GIVEN DATA:
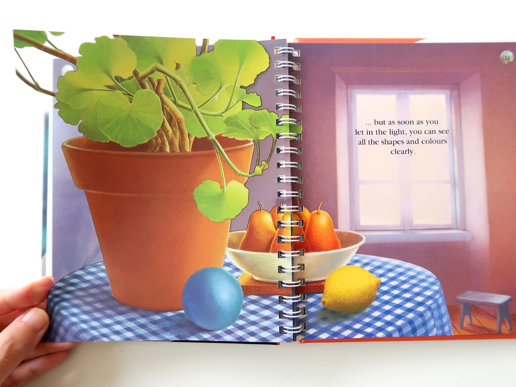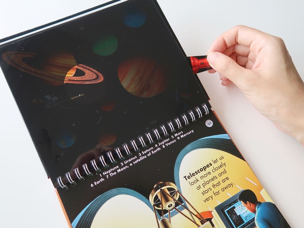 其中「In the Sky 空中世界」,還搭配紙製的「神奇手電筒」,變身童書界近年最流行的「手電筒膠片書」,搭配深色膠片使用,「照亮」插圖的細部,提升孩子的注意力,增加互動樂趣。
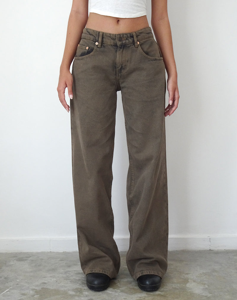 Our bestselling Roomy jean boasts an oversized, low rise, wide leg fit with a clean hem in a dark black sand denim. They feature a zip and button fastening and pockets, finished with a branded back tab, button and rivets.
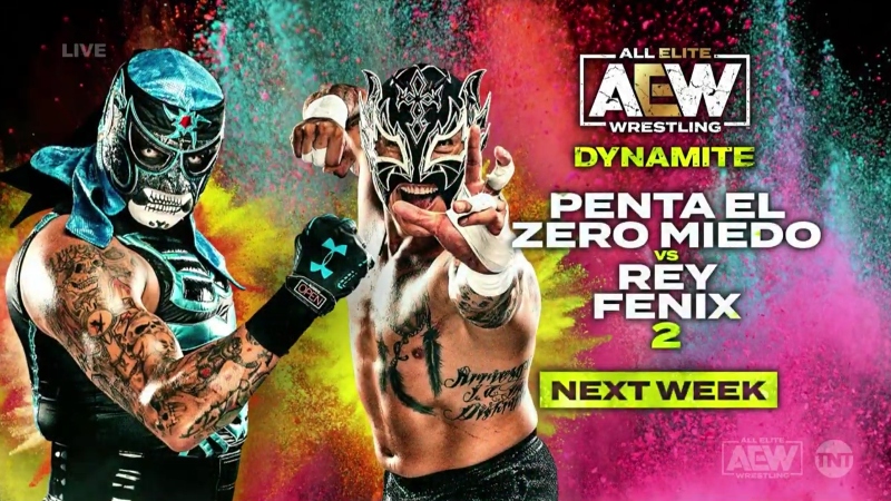 In a rematch from the first round of the AEW World title eliminator tournament, Penta El Zero Miedo will face Rey Fenix on next Wednesday’s AEW Dynamite.
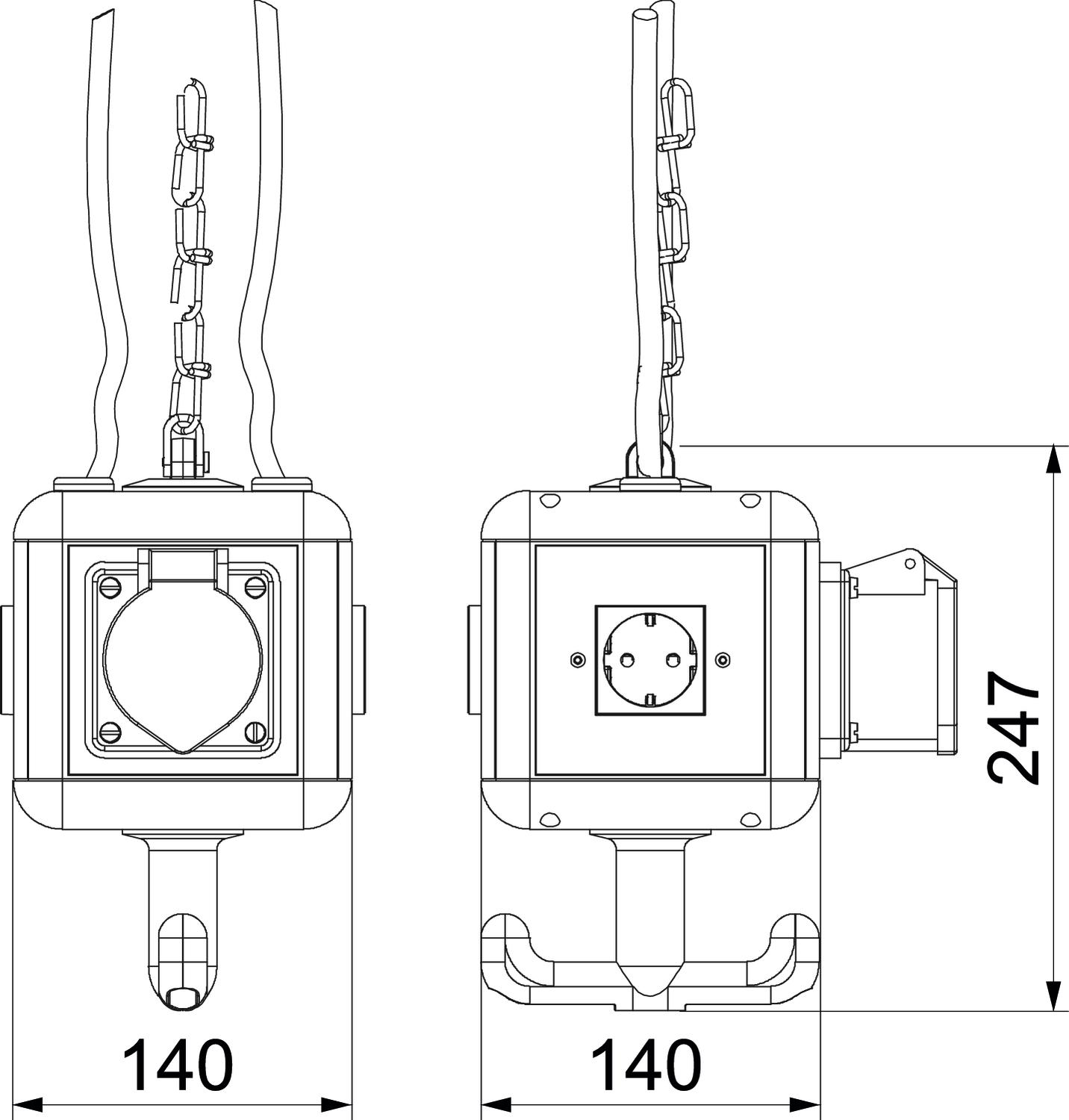 3 x 1-fach-Schutzkontaktsteckdosen 16 A/250 V mit erhöhtem Berührungsschutz, auf einen Wechselstromkreis vorverdrahtet, Anschluss über 1 x Klemme 3-polig, 1 x CEE-Steckdose 16 A/415 V, mit Trennwand zur Stromkreistrennung.

WORK TO COMPLETE: What is needed is the data above, retyped exactly, with every picture left out.

ANSWER TO THIS PROBLEM:
 其中「In the Sky 空中世界」,還搭配紙製的「神奇手電筒」,變身童書界近年最流行的「手電筒膠片書」,搭配深色膠片使用,「照亮」插圖的細部,提升孩子的注意力,增加互動樂趣。
 Our bestselling Roomy jean boasts an oversized, low rise, wide leg fit with a clean hem in a dark black sand denim. They feature a zip and button fastening and pockets, finished with a branded back tab, button and rivets.
 In a rematch from the first round of the AEW World title eliminator tournament, Penta El Zero Miedo will face Rey Fenix on next Wednesday’s AEW Dynamite.
 3 x 1-fach-Schutzkontaktsteckdosen 16 A/250 V mit erhöhtem Berührungsschutz, auf einen Wechselstromkreis vorverdrahtet, Anschluss über 1 x Klemme 3-polig, 1 x CEE-Steckdose 16 A/415 V, mit Trennwand zur Stromkreistrennung.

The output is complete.